賈 玢(內蒙古財經大學,內蒙古 呼和浩特 010070)
JIA Bin (Inner Mongolia University of Finance and Economics,Huhhot 010070,China)
改革開放以后,鄂爾多斯市依托本地區得天獨厚的地區資源儲量的優勢,大力推動發展煤炭及其深加工、電力行業、紡織加工行業、化學制品工業等主導性產業,地區經濟社會快速提升且發展勢頭迅猛。在經濟總量增大的同時,鄂爾多斯地區民間資本急速累積,富裕人群數量逐漸增大,地區居民可支配收入顯著提高,也增加了民間資本的累積,伴隨著逐漸增強的居民持有資本“逐利”的愿望,卻與投資渠道非常狹窄明顯不相適應,大量民間資本流向利潤更高的民間借貸行業。

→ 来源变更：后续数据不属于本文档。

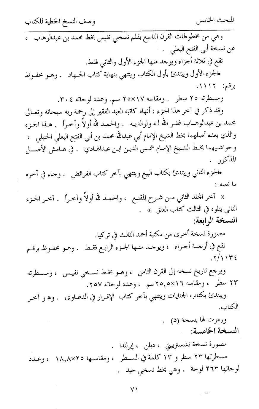 وهي من مخطوطات القرن التاسع بقلم نسخي نفيس بخط محمد بن عبدالوهاب، عن نسخة أبي الفتح البعلي.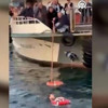 Çevredeki vatandaşlar da can simidi atarak, kadına yardım etmeye çalıştı. Suya atlayan kişi, kadın yolcuyu yakaladı. Ardından can simidi takılan yolcu bir tekneye çıkarıldı.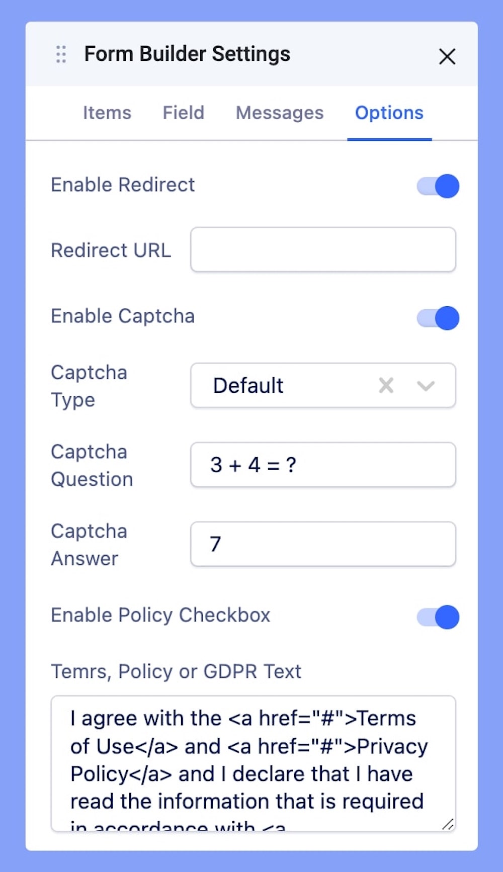 Enable Policy Checkbox: Include user policy or GDPR information if needed by enabling this option.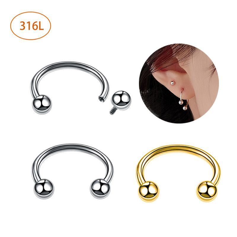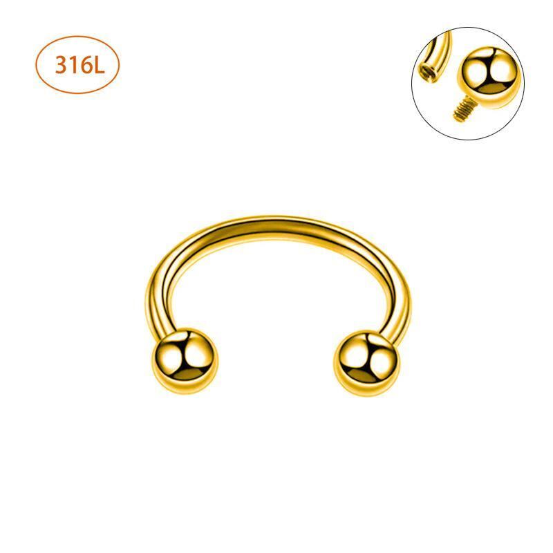 ボディピアス ユニセックス ステンレス インターナル スレッド C型バーベル 鼻ピアス 唇ピアス 軟骨ピアス 1.2mm 1.6mm ゲージ 8-14mm シャフト ボディピアスパーツ シルバー ゴールド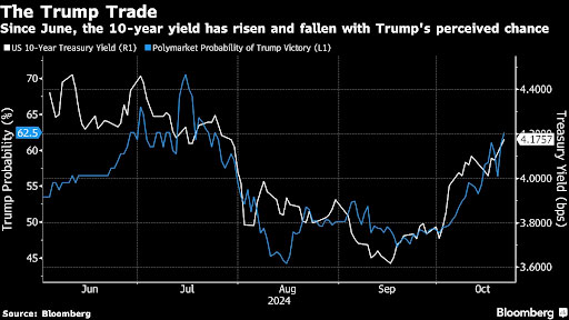 Nas últimas semanas, Trump começou a subir forte nas pesquisas e, como ele, subiram também os mercados.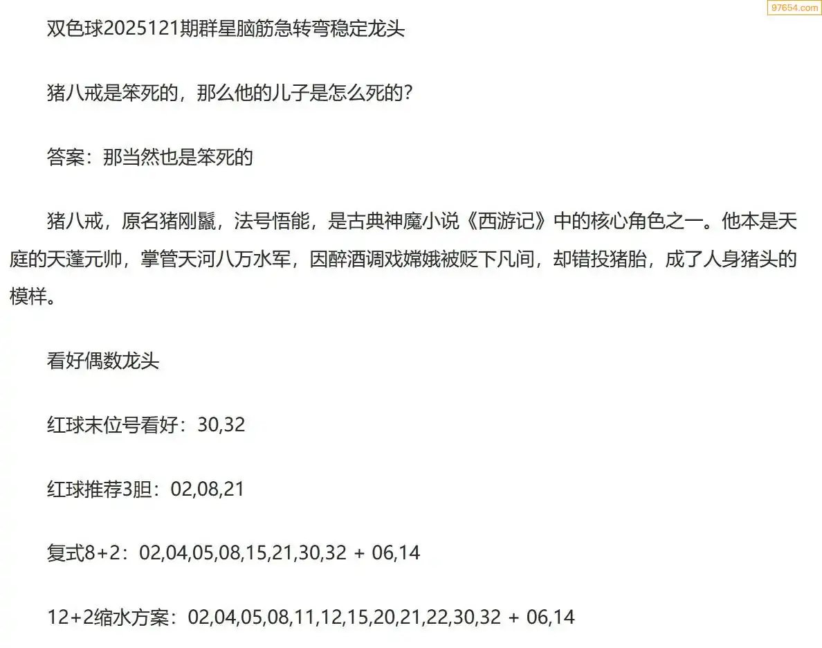 群星双色球25年121期脑筋急转弯龙头谜语

來自鄂爾多斯官方的調研數據顯示,目前鄂爾多斯地區民間借貸資金的總規模據推算應超過了1000億元。但是,據鄂爾多斯當地業內人士的保守估計,鄂爾多斯地區民間借貸資金總規模應該已經超過了2000億元[1]。處于“法”與“非法”邊緣的如此大規模的民間借貸,勢必蘊藏了巨大的金融風險。事實上,2011年間在我國部分地區都相繼出現了民間借貸泡沫破滅的事件,民間借貸該何去何從,如何規范、引導和監管民間借貸行為,使之更好地為國民經濟發展服務,已成為擺在相關部門面前的一項亟待解決的問題。
在我國現行法律法規體系中沒有“民間借貸”這一概念,國內學術界對其仍沒有形成統一規范的認識,民間借貸也被稱為民間金融、地下金融、灰色金融、體制外金融、隱形金融、場外金融、非正規金融,等等。民間借貸是相對于國家正規金融而言的,它泛指在國家依法批準設立的金融機構以外的發生在自然人、法人及其他組織等經濟主體之間的資金借貸行為和活動。民間借貸是社會經濟發展到一定時期和階段的產物,企業、家庭和居民個人財富逐步增加并積累到一定程度、產業資本向金融資本轉化的欲望驅于強烈、正規金融機構不能完全滿足社會經濟發展企業對資金的需求等多種因素相互博弈綜合作用的結果,帶有一定的合理性與必然性。中國人民銀行曾發文表示,我國境內民間借貸的存在具有制度層面的合法性與合理性。我國的《合同法》與《民法通則》等相關法律法規也為民間借貸行為的合法存在與發展構筑了制度層面的環境和法律方面的基礎。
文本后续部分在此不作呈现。